Hudson Valley Farmhouse Cider produces a line of exceptional farm-based ciders with style and character. The cidery is based at two beloved Hudson Valley farms, Breezy Hill Orchard near Rhinebeck and Stone Ridge Orchard near New Paltz, both known for their commitment to ecological growing and the production of highly flavored fruit.

MEET THE OWNER/ CIDER MAKER

Elizabeth Ryan

Elizabeth Ryan is the producer of Hudson Valley Farmhouse Cider. She is a renowned fruit grower and cider maker who studied cider making in Somerset and Hereford in England. Ryan made her first barrel of cider in 1980, while obtaining her Pomology degree at Cornell University. In 1984, she bought Breezy Hill Orchard in Dutchess County and her operation has been ever-expanding leading up to the launch of Hudson Valley Farmhouse Cider in 1996, and the addition of several farms and orchards including Stone Ridge Orchard near New Paltz.

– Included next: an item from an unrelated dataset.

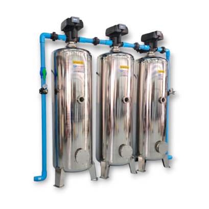 ถังกรองสแตนเลส 24" 3ขั้นตอนสำหรับกรองน้ำที่มีตะกรันหินปูน กรองตะกอนขุ่น ไว้ใช้ในโรงแรม รีสอร์ท อุตสากรรมที่ต้องการน้ำสะอาดไว้อุปโภค บริโภค

As one of the founding GrowNYC Greenmarket farmers, bringing fantastic farm-based products to the greater public has always been her mission. She also opened a café in Harlem in order to bring fresh, healthy food to a neighborhood that was known, at the time, as a food desert. For these efforts, she received the Cornucopia award from Stone Barns Center for Food and Agriculture, was inducted into Cornell’s Hall of Fame for alumna, and was a Smithsonian Fellow.

She was a keynote speaker at the New York State Governor’s Alcohol Summit where she advocated for policy to support small-scale hard cider production. She also helped to create a line of home brewing kits for the WilliamsSonoma Agrarian collection, including hard cider, mead, wine and sparkling wine.